DATA UNDER STUDY>
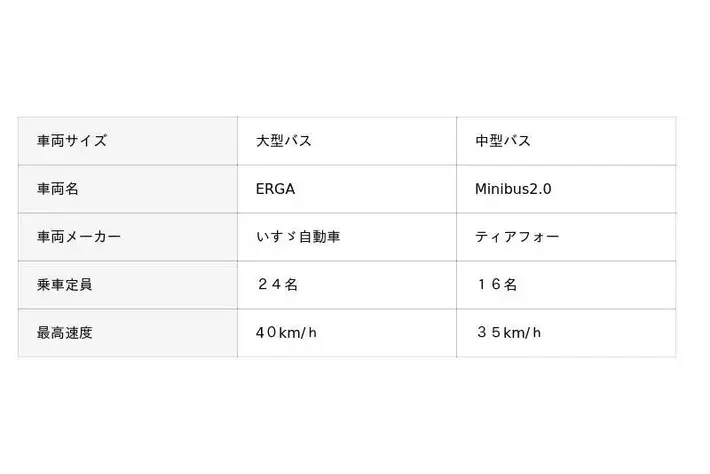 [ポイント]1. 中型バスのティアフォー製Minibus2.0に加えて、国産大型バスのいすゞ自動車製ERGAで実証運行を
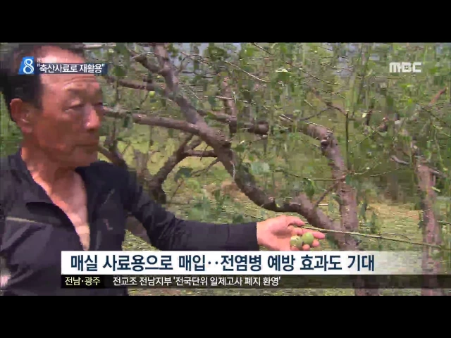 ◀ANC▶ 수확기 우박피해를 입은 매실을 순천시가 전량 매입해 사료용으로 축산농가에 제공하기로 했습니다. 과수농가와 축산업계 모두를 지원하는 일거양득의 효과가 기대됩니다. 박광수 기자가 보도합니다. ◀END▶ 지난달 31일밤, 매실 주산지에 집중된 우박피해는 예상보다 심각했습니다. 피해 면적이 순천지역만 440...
==
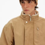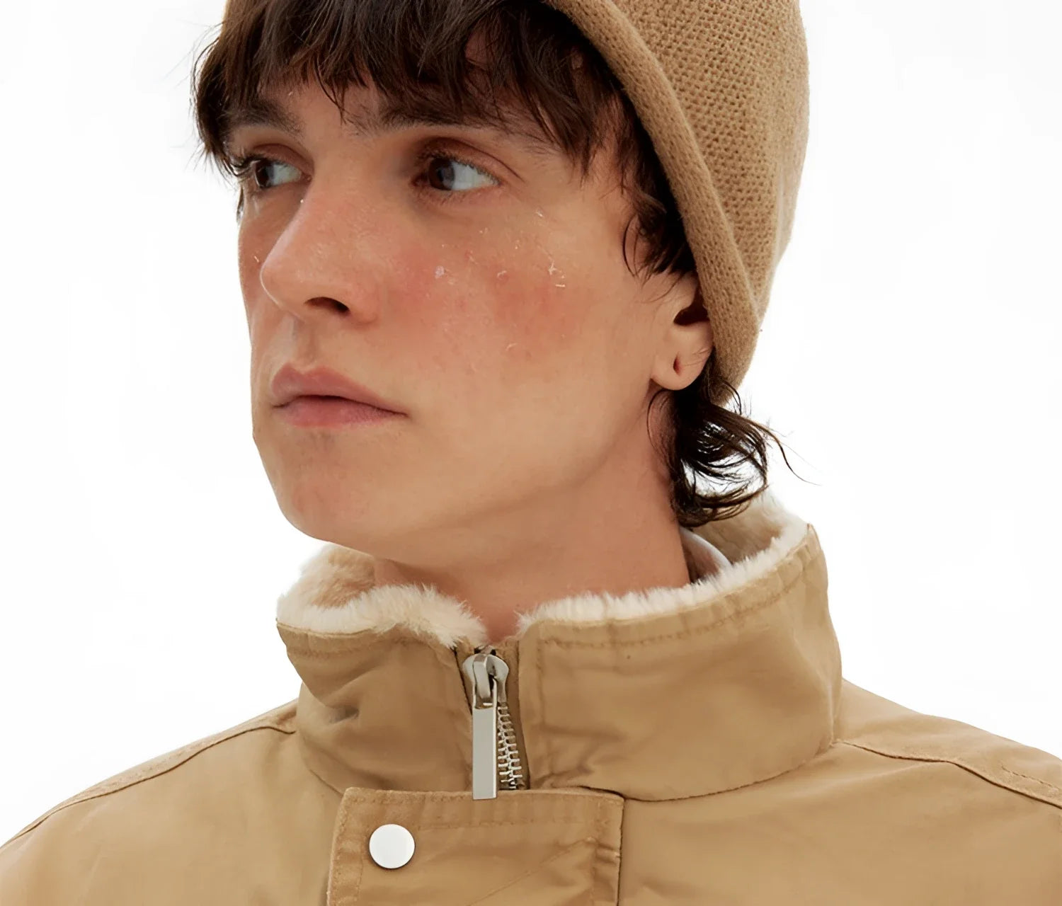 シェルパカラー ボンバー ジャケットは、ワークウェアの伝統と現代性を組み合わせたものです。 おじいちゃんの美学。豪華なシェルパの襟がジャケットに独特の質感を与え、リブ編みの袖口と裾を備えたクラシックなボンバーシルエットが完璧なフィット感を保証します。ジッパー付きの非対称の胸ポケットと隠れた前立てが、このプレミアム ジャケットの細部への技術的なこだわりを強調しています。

BRIEF> In the records above, find the line with "[ポイント]1. 中型バスの" and the line with "면적이 순천지역만 440...", then restate word for word only those two lines and all lines between, omitting pictures.

WRITTEN SOLUTION>
 [ポイント]1. 中型バスのティアフォー製Minibus2.0に加えて、国産大型バスのいすゞ自動車製ERGAで実証運行を
 ◀ANC▶ 수확기 우박피해를 입은 매실을 순천시가 전량 매입해 사료용으로 축산농가에 제공하기로 했습니다. 과수농가와 축산업계 모두를 지원하는 일거양득의 효과가 기대됩니다. 박광수 기자가 보도합니다. ◀END▶ 지난달 31일밤, 매실 주산지에 집중된 우박피해는 예상보다 심각했습니다. 피해 면적이 순천지역만 440...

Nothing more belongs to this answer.